La docencia mexicana es una práctica de resistencia silenciosa, una trinchera invisible en medio del olvido. Mientras arriba se diseñan plataformas que no funcionan, abajo un maestro enseña a leer bajo la sombra de un mezquite, o con un pizarrón improvisado sobre una piedra. Esa escena, mínima y heroica, debería ser el emblema nacional de la educación. El sistema ha convertido la evaluación en un espectáculo de apariencias. Pero la verdad del maestro no cabe en las métricas. La verdad está en lo que no se ve: en el cansancio de los lunes, en la sonrisa que disimula el enojo, en la calma frente a la desesperación de un grupo que no aprende. Está en el intento cotidiano de mantener viva la esperanza en un país que le ha perdido fe al futuro. Cada maestro, sin decirlo, sostiene un hilo que impide el colapso total. Enseñar, en México, es sostener la dignidad colectiva y la vergüenza institucional.

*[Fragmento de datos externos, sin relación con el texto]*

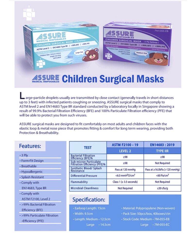 [Bundle of 3] ASSURE Surgical Mask Kids Children 50’s/box 3-ply Earloop Disposable 99% BFE Medical Grade Toddler Size (2-5 years old)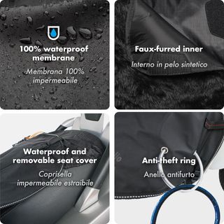 Manta cubre piernas universal para scooter. Protege del frío y la lluvia. - Material impermeable. - Diseño adaptable a la mayoría de scooters. - Incluye cintas de ajuste.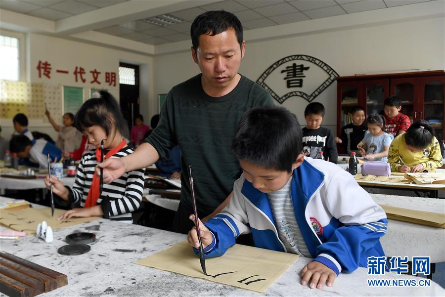 陜西省延安市楊家嶺福州希望小學書法社團的學生在老師指導下練習書法(4月24日攝)。新華社記者 劉瀟 攝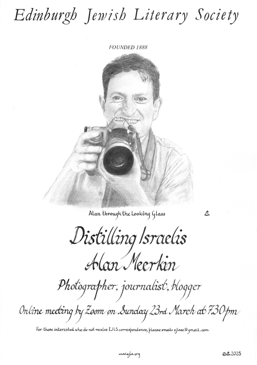 Israeli photographer and journalist Alan Meerkin will discuss the nuances of everyday life in Israel through street photography. This will include material from his book ‘Distilling Jerusalem: Portraits of the City at Many Given Moments’. In addition, Alan will present images examining the feeling in the street, in Israel and abroad, in the face of current challenges.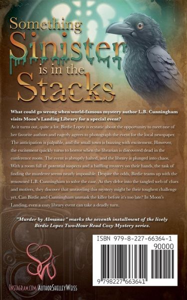 What could go wrong when world-famous mystery author L.B. Cunningham visits Moon's Landing Library for a special event? As it turns out, quite a lot. Birdie Lopez is ecstatic about the opportunity to meet one of her favorite authors and eagerly agrees to photograph the event for the local newspaper. The anticipation is palpable, and the small town is buzzing with excitement. However, the excitement quickly turns to horror when the librarian is discovered dead in the conference room. The event is abruptly halted, and the library is plunged into chaos. With a room full of potential suspects and a baffling mystery on their hands, the task of finding the murderer seems nearly impossible. Despite the odds, Birdie teams up with the renowned L.B. Cunningham to solve the case. As they delve into the tangled web of clues and motives, they discover that unraveling this mystery might be their toughest challenge yet. Can Birdie and Cunningham unmask the killer before it's too late? In Moon's Landing, even a cozy library event can take a deadly turn. Murder by Almanac is a novella and #7 in the Moon's Landing cozy mystery series.

Y mientras los formatos cambian, las reglas se actualizan y las convocatorias se retrasan, los maestros siguen ahí, en las aulas, cargando el peso de la nación. No hay bono que compense esa carga, ni evaluación que la mida. Hay, en cambio, una convicción silenciosa que los mantiene de pie: la de no rendirse. Esa es su verdadera carrera: no la del mérito institucional, sino la del alma. Algún día, quizá, el país entenderá que no se puede reformar la educación sin dignificar a quienes la hacen posible. Que los sistemas no educan: educan las personas. Y que el maestro, con todas sus fallas, cansancios y cicatrices, sigue siendo la mejor parte de México. Cuando eso ocurra, cuando se mire al maestro no como recurso humano sino como conciencia viva, entonces tal vez comience la verdadera transformación.
Hasta entonces, el juego continúa. La USICAMM sigue contando, puntuando, clasificando. Y los maestros siguen enseñando a pesar de todo, jugando su propio juego, más antiguo y más sabio: el de la esperanza. La verdadera evaluación no está en los puntos, sino en los rostros de los alumnos que regresan, que preguntan, que aprenden a mirar el mundo de otra manera. La USICAMM podrá seguir dictando lineamientos, modificando criterios, inventando formatos, pero nunca podrá medir el pulso de la esperanza. Porque enseñar en México sigue siendo un acto de fe, de terquedad, de amor sin garantías. Por eso, un, dos, tres por ti, por mí, por todos y que Dios nos agarre persignados ante la USICAMM.